CDU/CSU, FDP und Grüne versprechen zu viel
Nach Fichtners Ansicht versprechen die Regierungsparteien zu viel auf einmal. Alleine die Abschaffung des Solidaritätszuschlags, die konkret diskutiert wird, sei schon so teuer, dass nicht mehr viel für Steuererleichterungen übrig bleibe, sagt er. "Der Soli hat ein Aufkommen von etwa 15 Milliarden Euro." Pro Jahr, wohlgemerkt.
Für ausbleibende Investitionen hat Fichtner kein Verständnis. "Die Zinsen, die der Bund auf seine Schulden zahlt, sind so niedrig, dass er diese nicht auf Teufel komm raus herunterfahren müsste", kritisiert er den Drang nach Schuldentilgung.
"Bis zu 40 Milliarden Euro Überschüsse"
"Es gibt Geld im öffentlichen Haushalt, das ohne neue Schulden investiert werden könnte. Im Übrigen sind die Schulden bereits deutlich zurückgegangen, von 81 Prozent im Jahr 2010 auf 68 Prozent im letzten Jahr", erklärt er. Geld für Investitionen wäre also reichlich vorhanden. So liegen die Überschüsse in diesem Jahr laut Fichtner bei knapp 30 Milliarden Euro.
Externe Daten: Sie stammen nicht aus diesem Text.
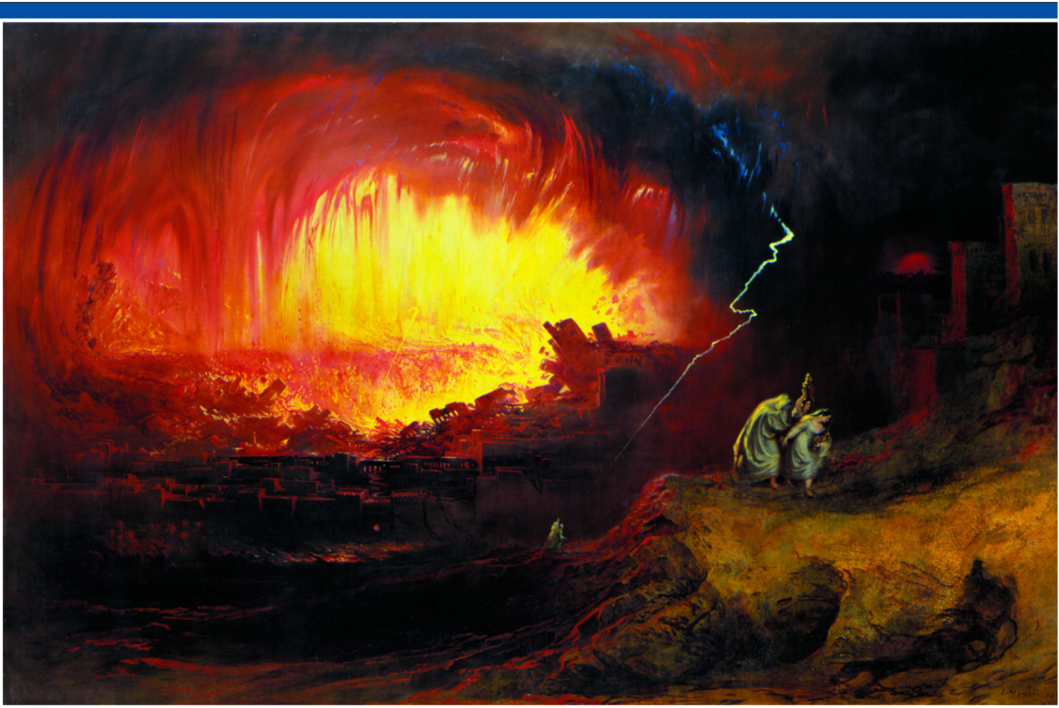
← Лот и его дочери. Худ. Альбрехт Дюрер. 1496-1499 гг. Национальная галерея искусства, Вашингтон, США.
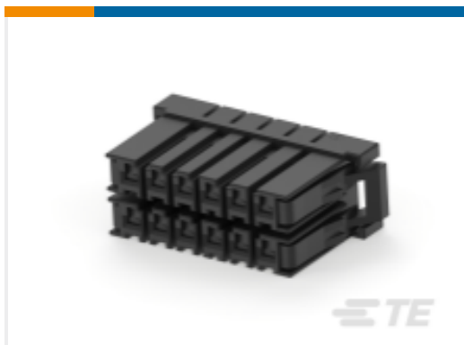
TE 产品编号2-178128-5 Receptacle and Tab Housing: 5.08 mm Pitch, 250-600V
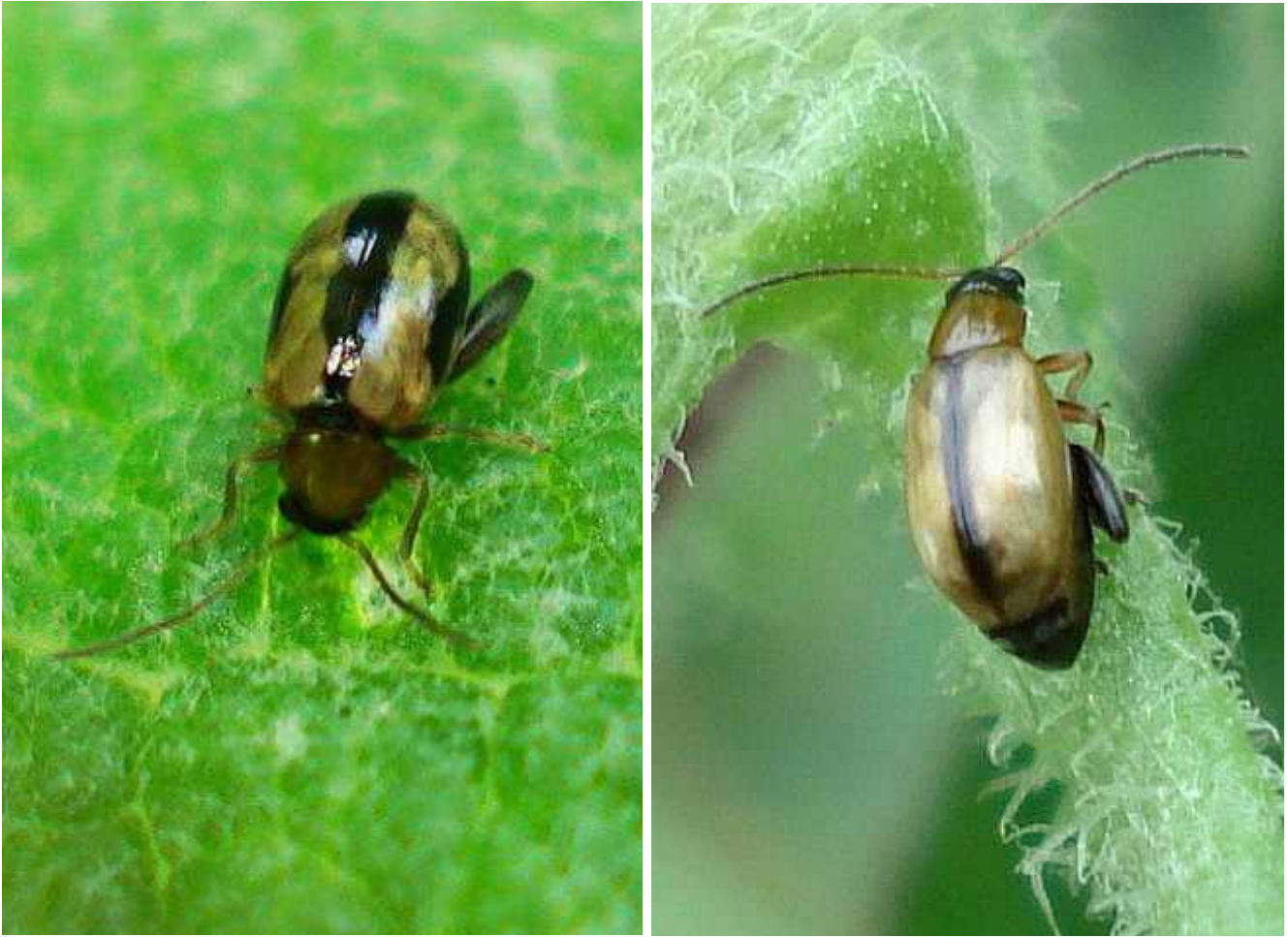
Longitarsus cf. tabidus dos ejemplares

Longitarsus tabidus – Mide de 3,5 a 4 mm de longitud. Color general ocreo anaranjado, a menudo con la zona de unión de los élitros negra, formando en algunos casos una banda ancha que recuerda a los Phyllotreta , aunque éstos nunca tienen el pronoto de color naranja. Antenas y patas amarillentas, excepto los fémures traseros, oscuros. Se alimenta de diversas herbáceas, como Verbascum , etc, en las cuales la larva roe las raíces y el adulto las hojas.

Und: Schätzungen zufolge sollen sie weiter steigen. "35 bis 40 Milliarden Euro pro Jahr sind vorstellbar", glaubt Fichtner und warnt: Derzeit sei das Wirtschaftswachstum robust, die Steuereinnahmen hoch, die Ausgaben für Arbeitslosigkeit seien zurückgegangen. "Gehen diese günstigen Einflüsse verloren und wird gleichzeitig an der Schwarzen Null festgehalten, könnte es richtig weh tun."
Schwarze Null birgt Risiken
Die Schwarze Null ist also nicht unumstritten. Kritiker sehen vielmehr langfristige Risiken. "Unsere Ausgaben für die Rente werden massiv steigen. Die Vorsorge für das Alter wird auf einen immer kleineren Teil an jungen Leuten abgeladen", kritisiert Fichtner. "Hier bräuchte es klare Prioritäten, dass die Sozialausgaben im Rahmen gehalten und dass Luxusprojekte wie die Rente mit 63 oder die Mütterrente ausgeschlossen werden." Hier könne gespart werden, so Fichtner, und eben nicht an dringend benötigten Investitionen.